Pourquoi le carbone est-il si important dans la lutte aux changements climatiques? Et pourquoi se retrouve-t-il à la fois dans la composition des molécules essentielles aux êtres vivants et de certaines pierre précieuses?

« Carboneutre, empreinte carbonique nulle, bilan de carbone positif : voilà les nouvelles vertus mesurées à l’aune des préoccupations environnementales, en ce début de troisième millénaire »… Tu as sûrement déjà entendu ce genre de charabia écologique. En quoi cet atome, le carbone, est-il si important dans la lutte aux changements climatiques? Et pourquoi se retrouve-t-il à la fois dans la composition de toutes les molécules essentielles aux êtres vivants et de certaines pierres, comme le diamant? C’est ce qu’on comprend lorsqu’on étudie le cycle du carbone, qui décrit les échanges de cet élément qui ont lieu sur la planète.  

En premier, le carbone

Le carbone (C), c’est le quatorzième élément le plus abondant sur la planète et le quatrième dans l’univers. DONC, on en trouve déjà beaucoup autour de nous, mais on en trouve encore PLUS ailleurs dans l’espaceeeeee. Il tient son nom du charbon, dont il est le principal composant. Le carbone peut exister sous forme gazeuse, dissoute dans l’eau, ou sous forme minérale. Il est assez social : il peut faire plusieurs liaisons avec des atomes différents. Il affectionne particulièrement l’hydrogène avec qui il s’associe pour former plusieurs molécules*. ♥‿♥

Dans la nature, il existe deux types de molécules de carbone. Celui qui fait partie des êtres vivants, on l’appelle le carbone organique. On le retrouve dans des molécules complexes : protéines, lipides, glucides. Ces molécules, si tu as déjà regardé des tableaux de valeurs nutritives (comme ceux sur ta boîte de céréales), font partie de ce que l’on mange. Le carbone inorganique, pour sa part, n’est pas lié aux organismes vivants. Les gaz à effet de serre comme le dioxyde de carbone (CO2) et le méthane (CH4) par exemple contiennent du carbone inorganique.  

Un cycle complexe

Le cycle du carbone, c’est plutôt compliqué. Pour commencer, il est présent dans quatre sphères : la biosphère, l’hydrosphère, la lithosphère et l’atmosphère. (Tu n’as rien compris de toutes ces sphères? Pas de panique! On y revient plus loin.) Le carbone circule entre ces réservoirs en fonction des mécanismes et des réactions qui se produiront tout au long du cycle. Parmi ceux-ci, certains sont très rapides, d’une dizaine d’années seulement, et d’autres sont très lents, allant jusqu’à des centaines de millions d’années.  

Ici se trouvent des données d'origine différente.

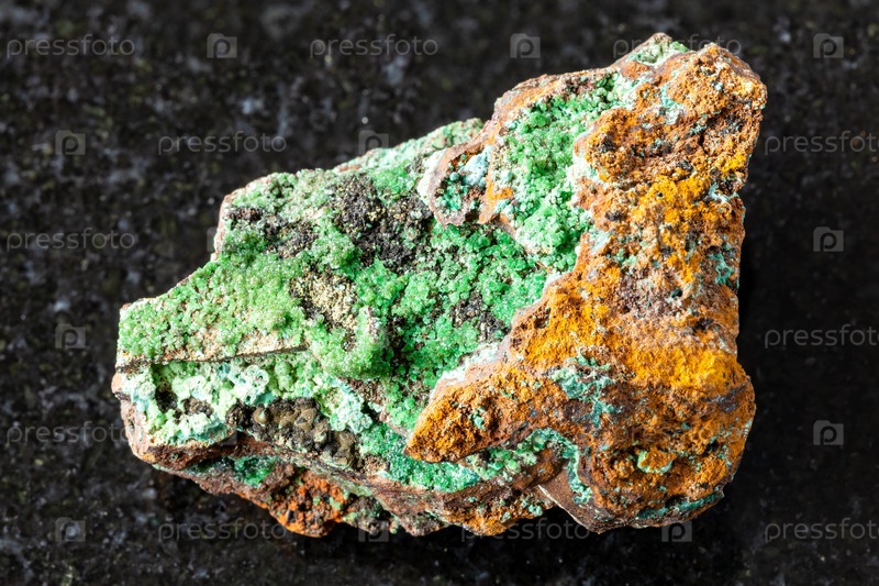 Образец сырой конихалцитовой породы на черном граните
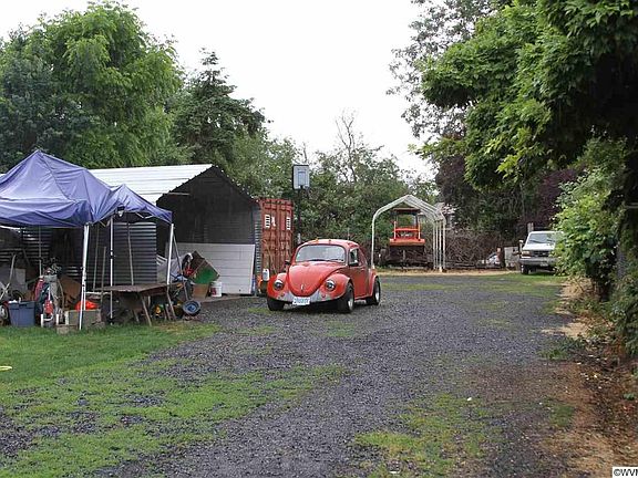 3-bedroom bungalow on almost 1/3 of an acre. Incredible vehicle parking with space for trailers, cars, tractors, ATVs, boats, etc. Covered parking in the back also includes water and sewer hookups for an RV. Single-car garage is 24' deep and is plumbed for a half bath. Additional secured tool storage in the garden shed and steel storage container. Updates to the house include tile work, vinyl windows, bath sink, lighting and laminate floors. Ductless heat pump system is efficient and also provides cooling.

La biosphère, c’est l’ensemble des êtres vivants de la planète. Le carbone est présent dans les plantes, les forêts, les animaux, et même dans les sols! Grâce à la photosynthèse, qui se déroule autant en milieu terrestre qu’en milieu aquatique, le carbone passe d’une forme inorganique à une forme organique : l’énergie du soleil est utilisée pour transformer le CO2 en glucose (ou sucre) qui servira à la fabrication des tissus végétaux, tout en produisant de l’oxygène. Ensuite, lorsque des animaux mangent des plantes, le carbone se transfère tout au long de la chaîne alimentaire!  

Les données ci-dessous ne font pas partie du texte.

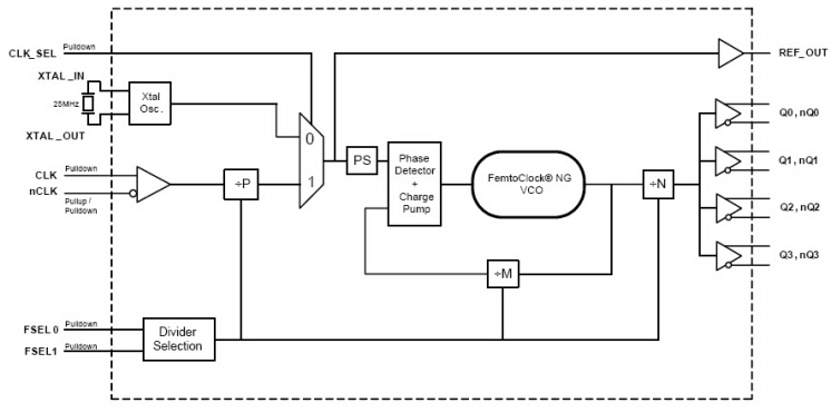 The 8V89704I is a four output Clock Generator with LVPECL outputs. The 8V89704I can generate any one of four frequencies from a single crystal or reference clock. The four frequencies are selected from the Function Table (Table 3) by two frequency selection pins. Note the desired programmed frequencies must be used with the corresponding crystal as indicated in Table 3. Excellent phase noise performance is maintained with Renesas' Fourth Generation FemtoClock™ NG PLL technology.
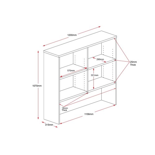 Rapidline Rapid Worker Overhead Hutch 1200W x 315D x 1070mmH Cherry And Ironstone
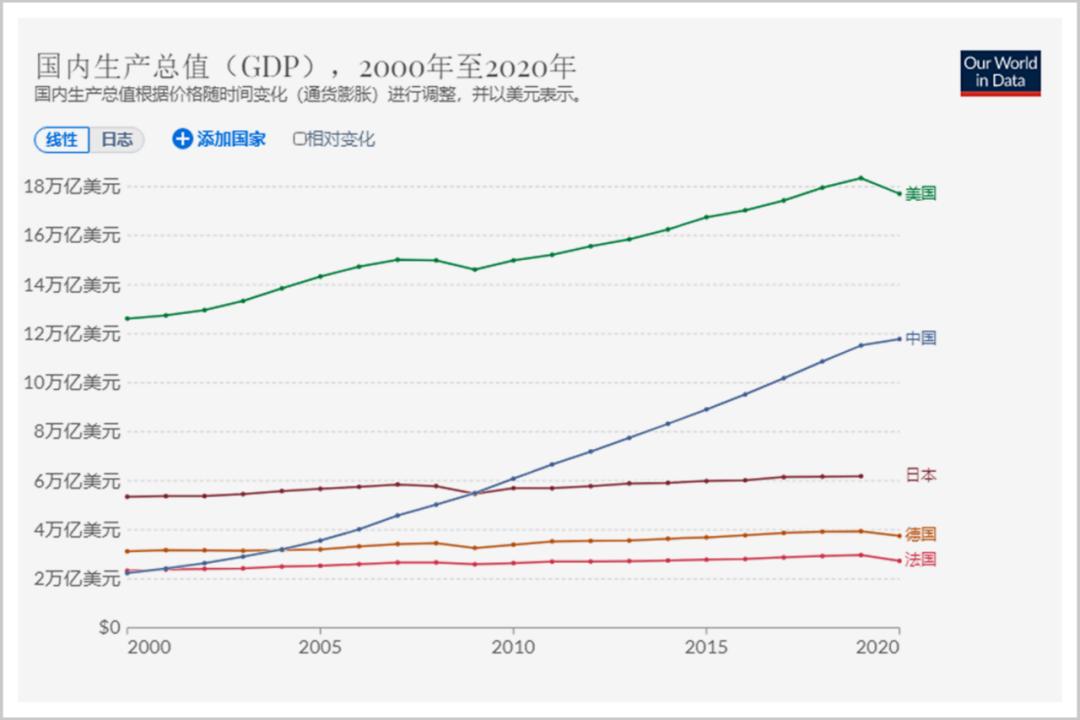 包括日本和欧盟在内,许多国家和地区陷入增长停滞,相对于美国的实力不断衰减,只有中国等少数国家例外。

Le processus contraire est réalisé lors de la respiration. Les êtres vivants rejettent alors une partie du carbone qu’ils ingèrent sous forme inorganique. Le reste est éliminé sous forme organique dans les déchets : urines, selles, organismes morts. C’est alors au tour des décomposeurs comme les micro-organismes d’entrer en jeu! Ils décomposent cette matière organique, ce qui produit du CO2, et en absence d’oxygène, ils la fermentent pour donner du CH4. On en trouve, entre autres, dans le sol où ils s’attaquent à des résidus végétaux et animaux à différents stades de décomposition. Ils peuvent même capter (ou stocker) le carbone dans la matière organique du sol, comme dans la tourbe produite par les tourbières! Aussi, des évènements, tels que des feux de forêt, peuvent libérer rapidement le carbone contenu dans les plantes.  

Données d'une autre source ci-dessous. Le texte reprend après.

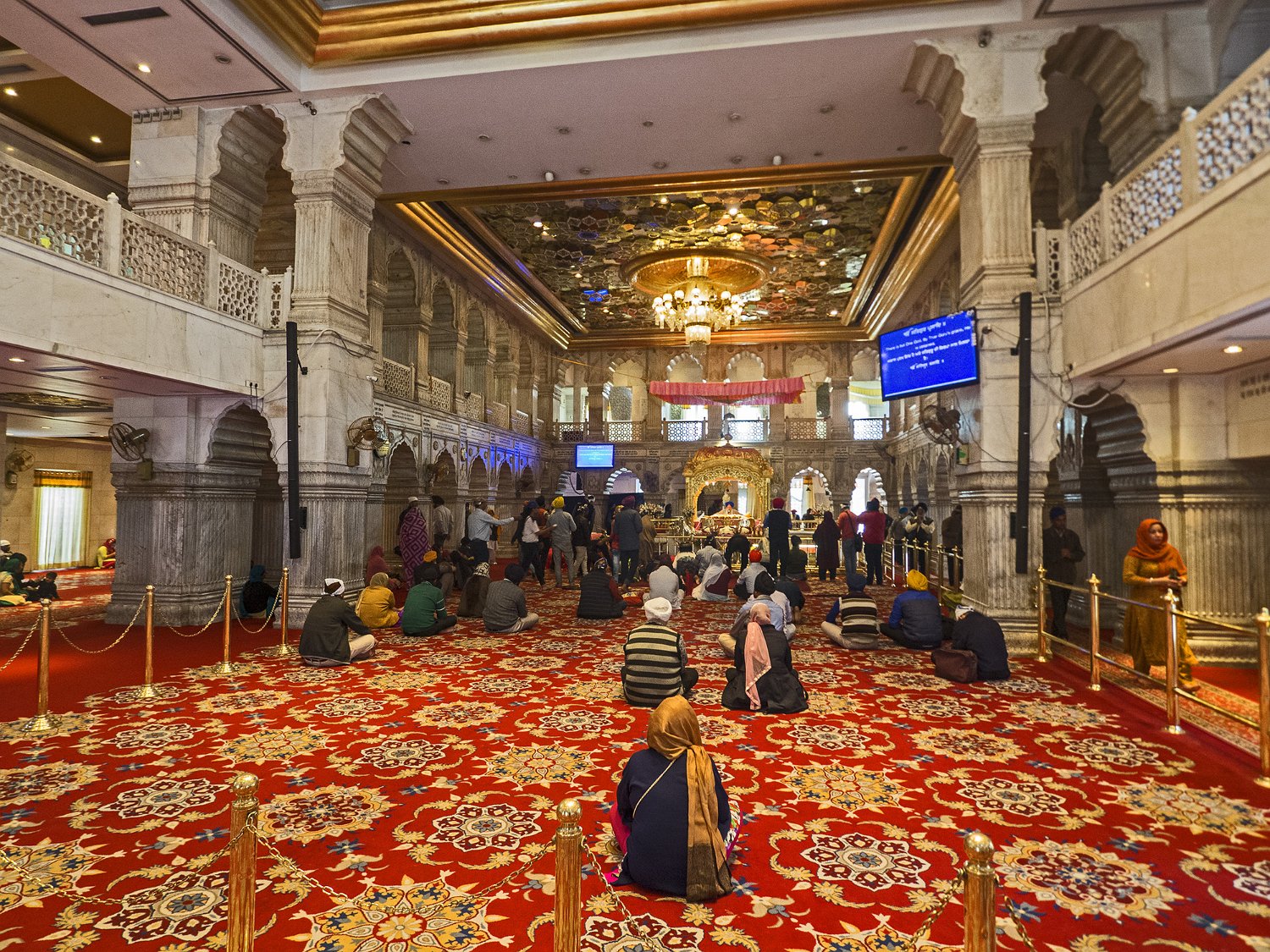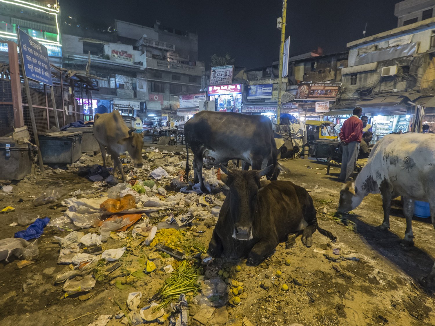 Rue de nuit dans Old Delhi Vaches dans Old Delhi  Voir aussi l'album photo sur les vaches sacrées (http://inde.vaches-sacrees.af24.fr) : vache Old Delhi- Menuiserie à ciel ouvert Gurdwara Bangla Sahib (temple Sikh)  Ce temple Sikh réalise 25000 repas par jour qui sont distribués sans aucune considération d'origine ou de caste. A l'heure des repas, les fidèles s'assoient par terre en rangées, et des volontaires leur servent dal et chapati. Ce repas commun symbolise l'unité de la communauté.
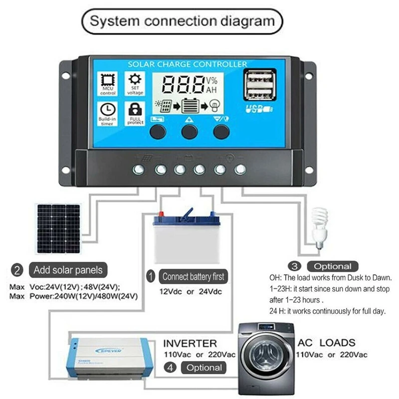 Подключение системы: 1. Подключите аккумулятор к регулятору заряда-плюс и минус. Он покажет 1, если обнаружит батарею 12 В, 2, если обнаружит батарею 24 В; 2. Подключите фотоэлектрический модуль к регулятору-плюс и минус; 3. Подключите потребителя к регулятору заряда-плюс и минус; Обратный заказ применяется при деустановке; Неправильный порядок последовательности может отбивать контроллер!
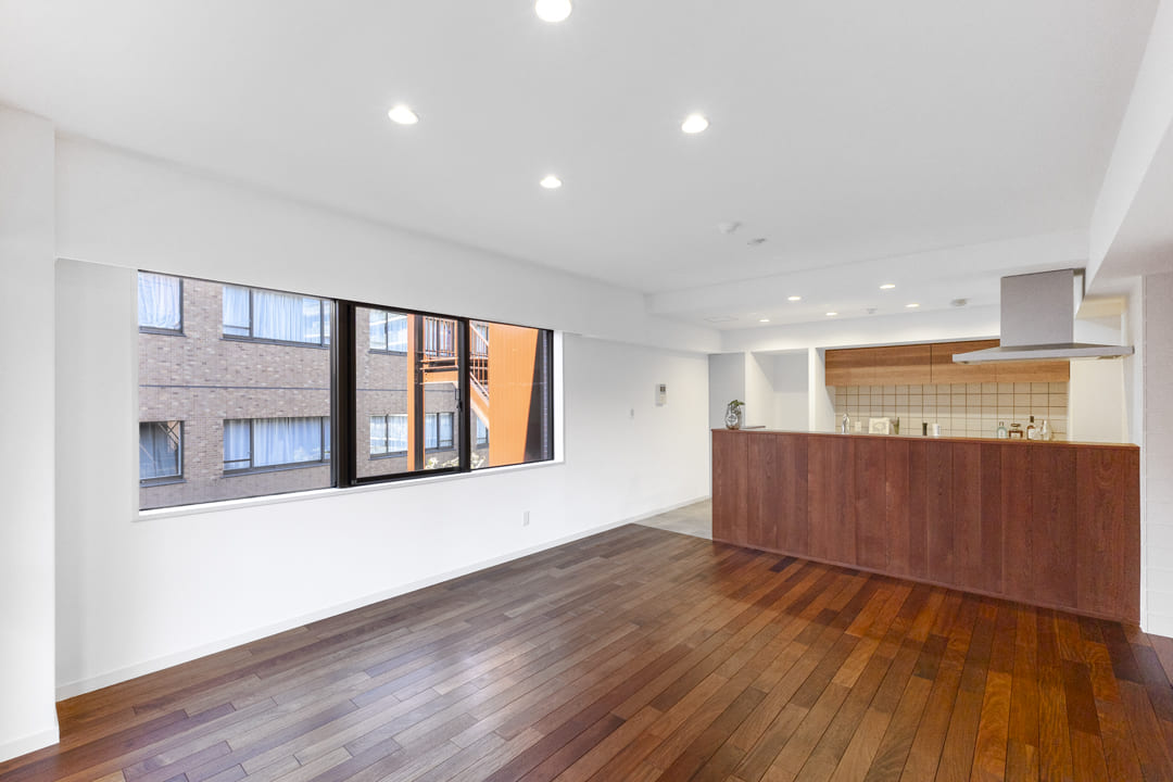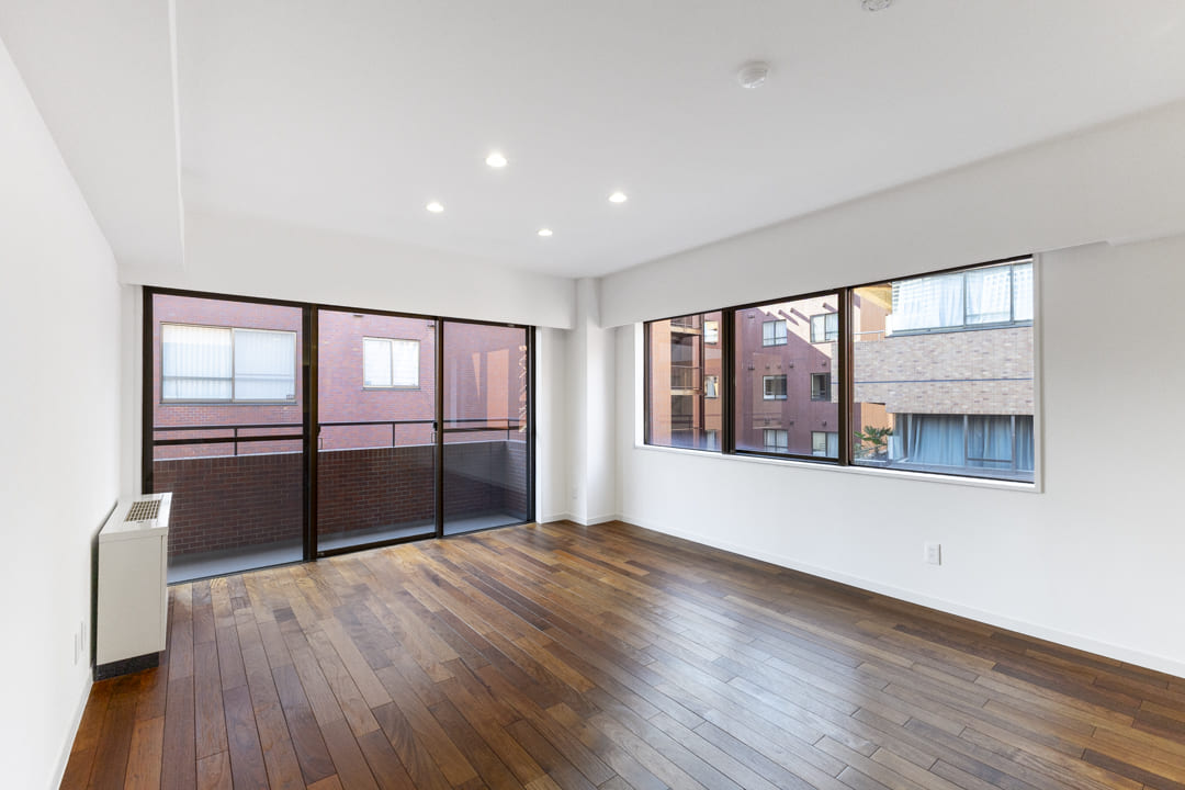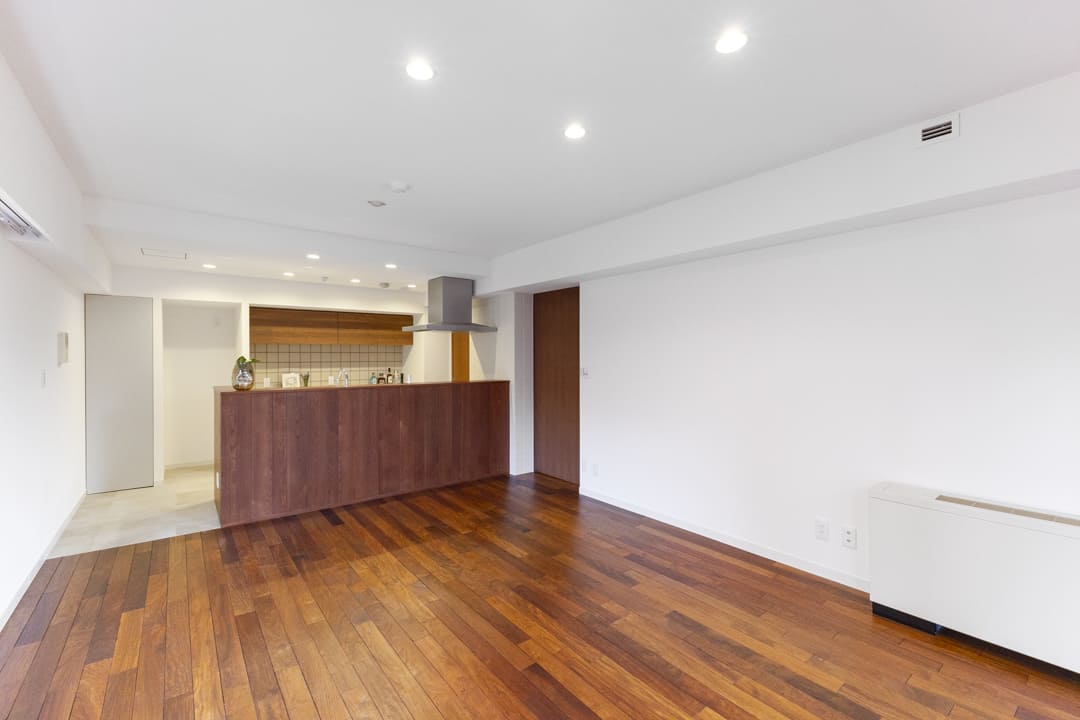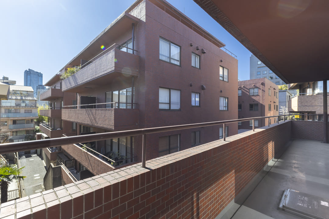 1979年竣工、重厚感ある外観が印象的なヴィンテージマンション。天然石をあしらったエントランスホールや内廊下設計など、ホテルライクな共用空間が上質な日常を演出します。「青山一丁目」駅、「乃木坂」駅より徒歩6分。外苑東通りから一本入った静かな住環境で、都心の利便性と落ち着きを兼ね備えています。今回ご紹介するお部屋は4階部分、専有面積74㎡の2LDK。全居室南向きの角住戸です。南西2面採光のLDKは約18.6帖のゆとりがあり、無垢材フローリングの温もりが心地よい空間。回遊性のあるキッチン動線や約10mのワイドバルコニー、廊下設置の洗面台など、日々の快適さにも配慮された住まいです。細則はありますが、大切なペットと一緒に暮らすことができます。

Un nautile, avec une coquille faite en carbone… ou presque

Le cycle se poursuit

Le carbone est présent sous forme dissoute dans l’hydrosphère, qui constitue l’ensemble de l’eau présente sur la terre. Le carbone est dissous dans l’océan grâce à une réaction entre le carbone, la molécule d’eau et le calcium pour devenir du carbonate de calcium (CaCO3). Lorsque des organismes marins vivants immobilisent le carbone sous forme minérale dans leurs coquilles et leurs squelettes, ils fixent le carbone. Oui oui, tu as bien lu. Certaines espèces marines, comme le corail ou les crustacés, utilisent le carbone pour constituer leur squelette. Petite parenthèse : l’accumulation des squelettes de plusieurs organismes marins au fond de l’océan au fil du temps donnera lieu au phénomène de la sédimentation.  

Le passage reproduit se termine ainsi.